▸ **Prompt**: Below is a listing to copy exactly; no image goes into the copy.

▸ **Data below**:
##########
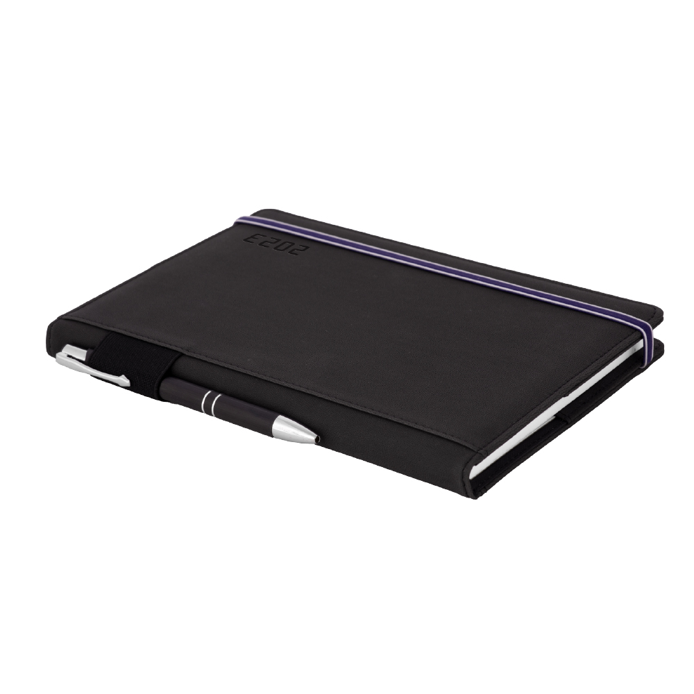 Diár AMOS týždenný A5 2023 polský - čierna/modrá gumička
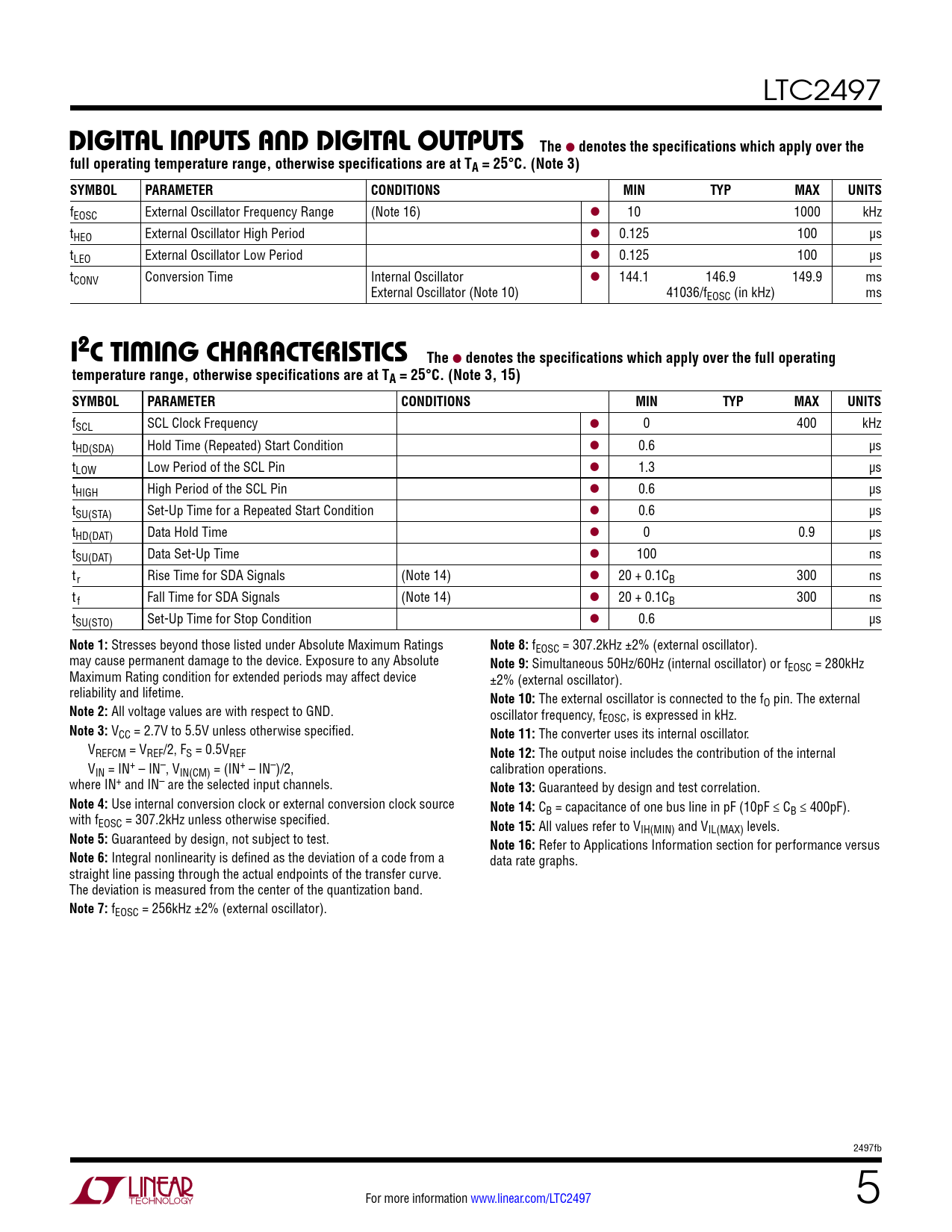 fEOSC = 256kHz ±2% (external oscillator). 2497fb For more information www.linear.com/LTC2497 5 Document Outline Features Applications Description Typical Application Absolute Maximum Ratings Pin Configuration Order Information Electrical Characteristics Converter Characteristics Analog Input and Reference I2C Inputs And Digital Outputs Power Requirements Digital Inputs And Digital Outputs I2C Timing Characteristics Typical Performance Characteristics Pin Functions Functional Block Diagram Applications Information Package Description Revision History Typical Application Related Parts
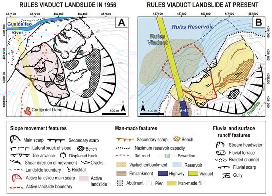 Geomorphological maps of the Rules Viaduct Landslide in 1956–1957 (A) and at present (B).
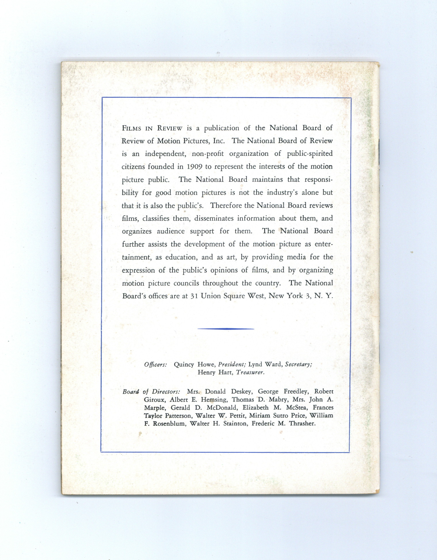 Published Feb 1956 by National Board of Review of Motion Pictures Inc..$10.75- Staple rust: Slight.
##########
▸ **Response to the exercise**:
 Diár AMOS týždenný A5 2023 polský - čierna/modrá gumička
 fEOSC = 256kHz ±2% (external oscillator). 2497fb For more information www.linear.com/LTC2497 5 Document Outline Features Applications Description Typical Application Absolute Maximum Ratings Pin Configuration Order Information Electrical Characteristics Converter Characteristics Analog Input and Reference I2C Inputs And Digital Outputs Power Requirements Digital Inputs And Digital Outputs I2C Timing Characteristics Typical Performance Characteristics Pin Functions Functional Block Diagram Applications Information Package Description Revision History Typical Application Related Parts
 Geomorphological maps of the Rules Viaduct Landslide in 1956–1957 (A) and at present (B).
 Published Feb 1956 by National Board of Review of Motion Pictures Inc..$10.75- Staple rust: Slight.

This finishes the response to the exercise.